Problem to work on :: Write out the listing below in full and exactly, leaving out every picture.

Information shown ::
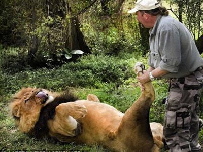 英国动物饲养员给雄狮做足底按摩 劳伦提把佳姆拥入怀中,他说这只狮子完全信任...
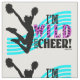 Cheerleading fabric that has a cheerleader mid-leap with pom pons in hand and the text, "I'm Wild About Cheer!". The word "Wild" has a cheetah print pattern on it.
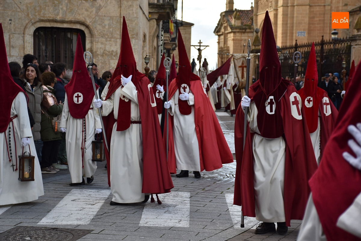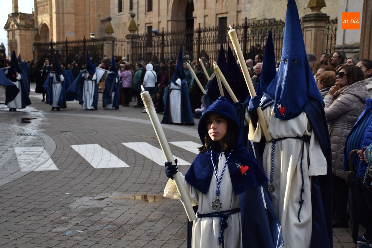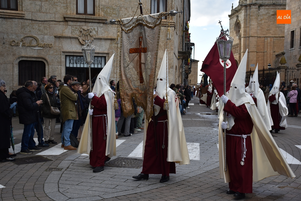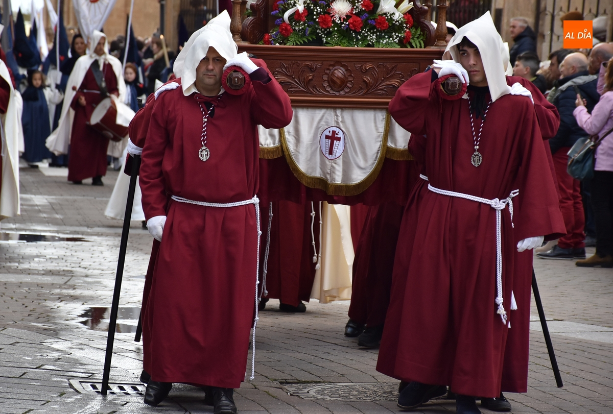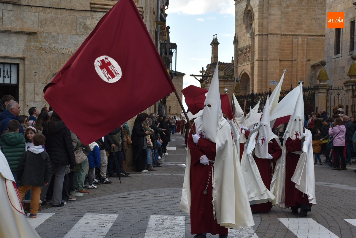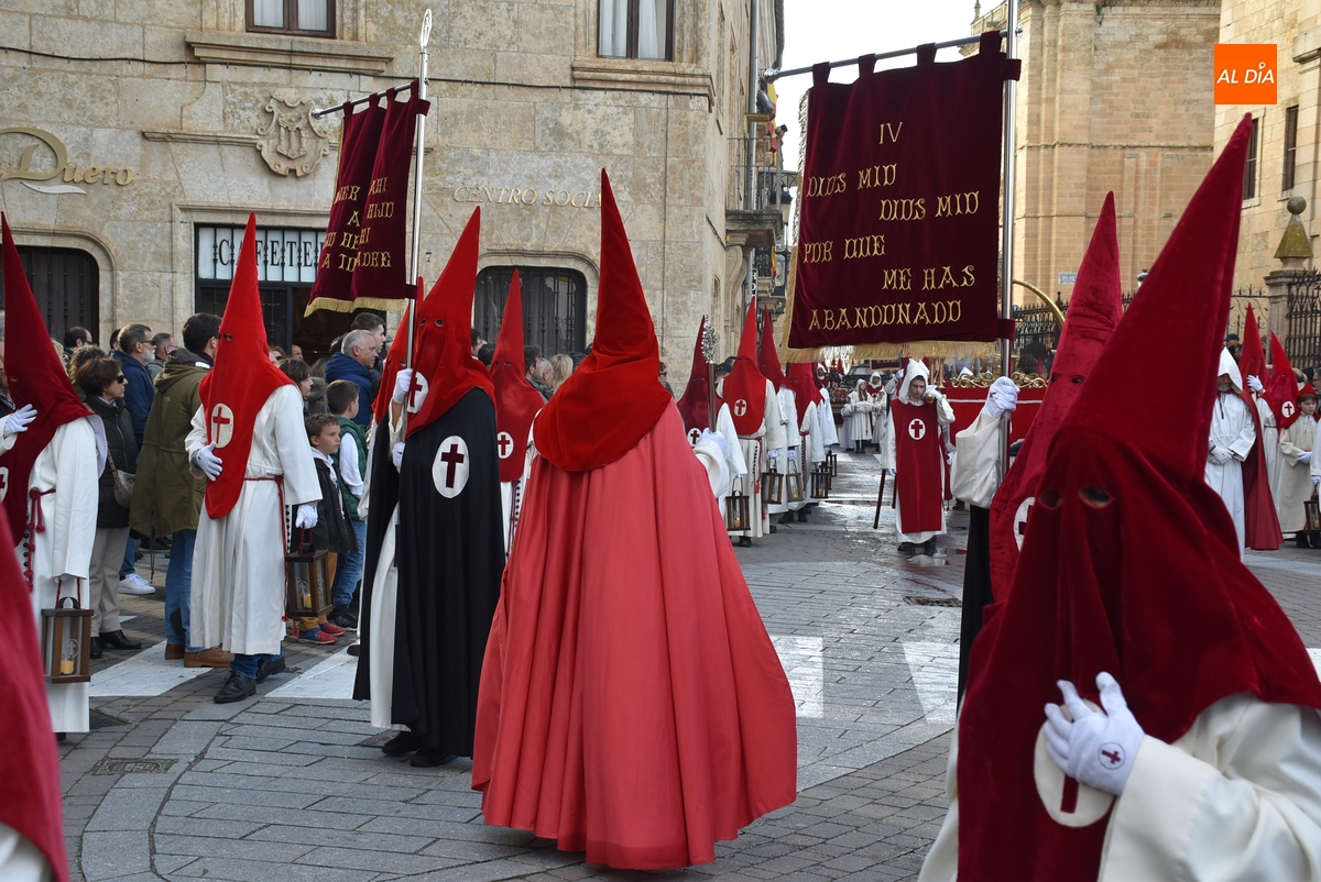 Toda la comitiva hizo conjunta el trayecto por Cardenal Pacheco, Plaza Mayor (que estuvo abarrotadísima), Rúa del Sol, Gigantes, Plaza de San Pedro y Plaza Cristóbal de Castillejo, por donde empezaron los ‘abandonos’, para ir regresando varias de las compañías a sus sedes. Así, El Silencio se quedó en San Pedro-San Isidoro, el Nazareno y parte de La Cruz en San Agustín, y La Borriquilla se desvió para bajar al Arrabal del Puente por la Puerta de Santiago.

Answer box ::
 英国动物饲养员给雄狮做足底按摩 劳伦提把佳姆拥入怀中,他说这只狮子完全信任...
 Cheerleading fabric that has a cheerleader mid-leap with pom pons in hand and the text, "I'm Wild About Cheer!". The word "Wild" has a cheetah print pattern on it.
 Toda la comitiva hizo conjunta el trayecto por Cardenal Pacheco, Plaza Mayor (que estuvo abarrotadísima), Rúa del Sol, Gigantes, Plaza de San Pedro y Plaza Cristóbal de Castillejo, por donde empezaron los ‘abandonos’, para ir regresando varias de las compañías a sus sedes. Así, El Silencio se quedó en San Pedro-San Isidoro, el Nazareno y parte de La Cruz en San Agustín, y La Borriquilla se desvió para bajar al Arrabal del Puente por la Puerta de Santiago.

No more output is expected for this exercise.